Assignment:
Please retype the records below exactly as they appear, leaving out every picture.

[Material to process]

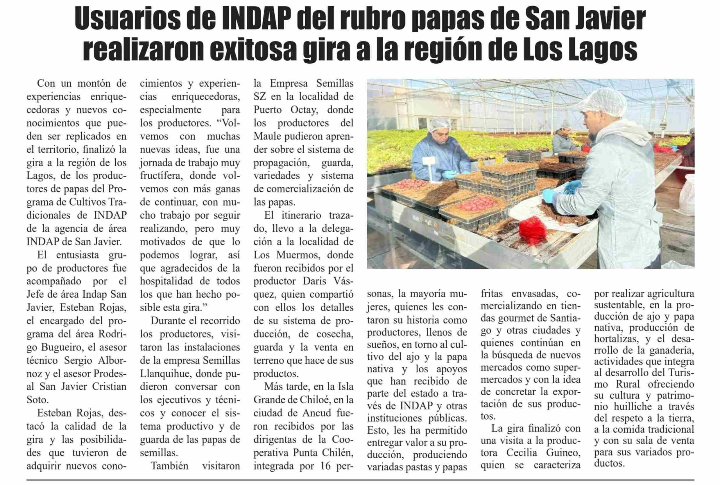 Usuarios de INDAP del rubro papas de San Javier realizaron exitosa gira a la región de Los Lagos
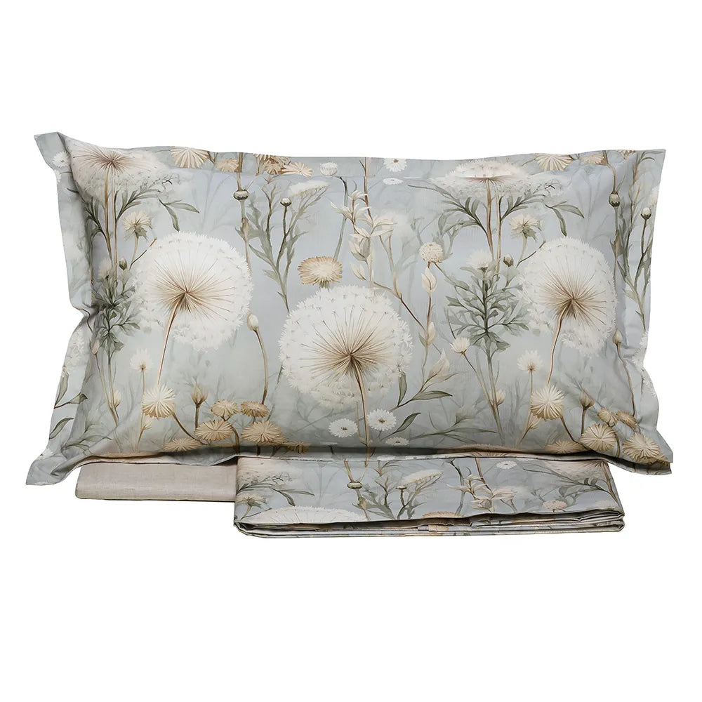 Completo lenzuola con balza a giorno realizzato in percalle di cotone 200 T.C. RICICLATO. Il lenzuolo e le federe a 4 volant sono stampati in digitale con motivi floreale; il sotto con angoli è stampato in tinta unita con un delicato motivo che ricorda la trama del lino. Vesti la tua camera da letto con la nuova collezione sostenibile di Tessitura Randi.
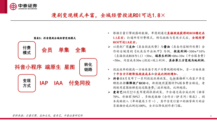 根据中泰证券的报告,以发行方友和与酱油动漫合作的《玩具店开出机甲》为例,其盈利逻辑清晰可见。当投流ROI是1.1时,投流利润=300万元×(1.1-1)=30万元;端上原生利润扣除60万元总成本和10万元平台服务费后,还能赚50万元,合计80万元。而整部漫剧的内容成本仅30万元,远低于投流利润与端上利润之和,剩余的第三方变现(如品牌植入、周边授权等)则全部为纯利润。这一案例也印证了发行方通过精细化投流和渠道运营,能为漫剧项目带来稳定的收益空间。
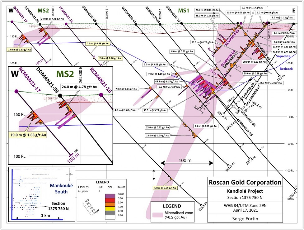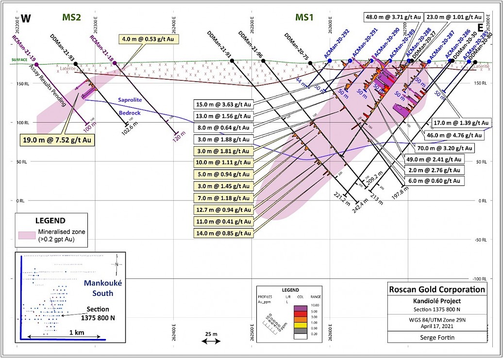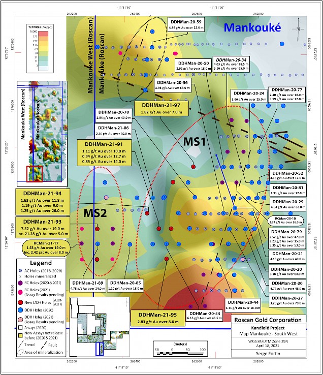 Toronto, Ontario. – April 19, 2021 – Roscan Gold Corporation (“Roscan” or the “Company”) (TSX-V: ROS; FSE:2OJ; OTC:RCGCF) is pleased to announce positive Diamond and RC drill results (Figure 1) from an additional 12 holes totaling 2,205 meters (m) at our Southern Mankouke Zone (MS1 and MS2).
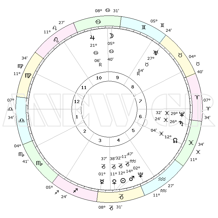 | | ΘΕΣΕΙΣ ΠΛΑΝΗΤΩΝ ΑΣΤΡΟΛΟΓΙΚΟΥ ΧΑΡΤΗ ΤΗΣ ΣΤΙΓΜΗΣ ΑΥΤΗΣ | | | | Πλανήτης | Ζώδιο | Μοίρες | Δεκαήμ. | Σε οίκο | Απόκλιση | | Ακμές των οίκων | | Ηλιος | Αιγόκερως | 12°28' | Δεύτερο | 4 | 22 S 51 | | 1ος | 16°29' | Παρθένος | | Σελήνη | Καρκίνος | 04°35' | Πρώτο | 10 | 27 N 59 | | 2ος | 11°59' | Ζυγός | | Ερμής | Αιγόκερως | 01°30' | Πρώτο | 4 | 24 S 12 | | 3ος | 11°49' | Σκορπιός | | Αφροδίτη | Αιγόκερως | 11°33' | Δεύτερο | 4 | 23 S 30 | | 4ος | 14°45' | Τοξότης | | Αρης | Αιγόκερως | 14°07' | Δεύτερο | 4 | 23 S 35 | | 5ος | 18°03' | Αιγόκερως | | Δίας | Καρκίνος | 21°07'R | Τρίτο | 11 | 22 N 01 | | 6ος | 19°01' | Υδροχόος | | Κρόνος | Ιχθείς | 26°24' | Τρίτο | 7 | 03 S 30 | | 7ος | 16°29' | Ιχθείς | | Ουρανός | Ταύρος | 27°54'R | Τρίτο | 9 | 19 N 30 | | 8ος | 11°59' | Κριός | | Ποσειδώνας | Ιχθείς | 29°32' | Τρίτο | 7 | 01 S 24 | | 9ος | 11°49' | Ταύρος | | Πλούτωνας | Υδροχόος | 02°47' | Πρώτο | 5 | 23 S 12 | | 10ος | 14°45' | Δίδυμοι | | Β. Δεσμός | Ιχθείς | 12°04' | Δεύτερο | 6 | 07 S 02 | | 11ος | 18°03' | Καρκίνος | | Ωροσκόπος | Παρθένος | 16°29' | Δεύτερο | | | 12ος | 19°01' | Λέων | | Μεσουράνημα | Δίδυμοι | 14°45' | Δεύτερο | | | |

[/Material to process]

Exercise output:
 Usuarios de INDAP del rubro papas de San Javier realizaron exitosa gira a la región de Los Lagos
 Completo lenzuola con balza a giorno realizzato in percalle di cotone 200 T.C. RICICLATO. Il lenzuolo e le federe a 4 volant sono stampati in digitale con motivi floreale; il sotto con angoli è stampato in tinta unita con un delicato motivo che ricorda la trama del lino. Vesti la tua camera da letto con la nuova collezione sostenibile di Tessitura Randi.
 根据中泰证券的报告,以发行方友和与酱油动漫合作的《玩具店开出机甲》为例,其盈利逻辑清晰可见。当投流ROI是1.1时,投流利润=300万元×(1.1-1)=30万元;端上原生利润扣除60万元总成本和10万元平台服务费后,还能赚50万元,合计80万元。而整部漫剧的内容成本仅30万元,远低于投流利润与端上利润之和,剩余的第三方变现(如品牌植入、周边授权等)则全部为纯利润。这一案例也印证了发行方通过精细化投流和渠道运营,能为漫剧项目带来稳定的收益空间。
 Toronto, Ontario. – April 19, 2021 – Roscan Gold Corporation (“Roscan” or the “Company”) (TSX-V: ROS; FSE:2OJ; OTC:RCGCF) is pleased to announce positive Diamond and RC drill results (Figure 1) from an additional 12 holes totaling 2,205 meters (m) at our Southern Mankouke Zone (MS1 and MS2).
 | | ΘΕΣΕΙΣ ΠΛΑΝΗΤΩΝ ΑΣΤΡΟΛΟΓΙΚΟΥ ΧΑΡΤΗ ΤΗΣ ΣΤΙΓΜΗΣ ΑΥΤΗΣ | | | | Πλανήτης | Ζώδιο | Μοίρες | Δεκαήμ. | Σε οίκο | Απόκλιση | | Ακμές των οίκων | | Ηλιος | Αιγόκερως | 12°28' | Δεύτερο | 4 | 22 S 51 | | 1ος | 16°29' | Παρθένος | | Σελήνη | Καρκίνος | 04°35' | Πρώτο | 10 | 27 N 59 | | 2ος | 11°59' | Ζυγός | | Ερμής | Αιγόκερως | 01°30' | Πρώτο | 4 | 24 S 12 | | 3ος | 11°49' | Σκορπιός | | Αφροδίτη | Αιγόκερως | 11°33' | Δεύτερο | 4 | 23 S 30 | | 4ος | 14°45' | Τοξότης | | Αρης | Αιγόκερως | 14°07' | Δεύτερο | 4 | 23 S 35 | | 5ος | 18°03' | Αιγόκερως | | Δίας | Καρκίνος | 21°07'R | Τρίτο | 11 | 22 N 01 | | 6ος | 19°01' | Υδροχόος | | Κρόνος | Ιχθείς | 26°24' | Τρίτο | 7 | 03 S 30 | | 7ος | 16°29' | Ιχθείς | | Ουρανός | Ταύρος | 27°54'R | Τρίτο | 9 | 19 N 30 | | 8ος | 11°59' | Κριός | | Ποσειδώνας | Ιχθείς | 29°32' | Τρίτο | 7 | 01 S 24 | | 9ος | 11°49' | Ταύρος | | Πλούτωνας | Υδροχόος | 02°47' | Πρώτο | 5 | 23 S 12 | | 10ος | 14°45' | Δίδυμοι | | Β. Δεσμός | Ιχθείς | 12°04' | Δεύτερο | 6 | 07 S 02 | | 11ος | 18°03' | Καρκίνος | | Ωροσκόπος | Παρθένος | 16°29' | Δεύτερο | | | 12ος | 19°01' | Λέων | | Μεσουράνημα | Δίδυμοι | 14°45' | Δεύτερο | | | |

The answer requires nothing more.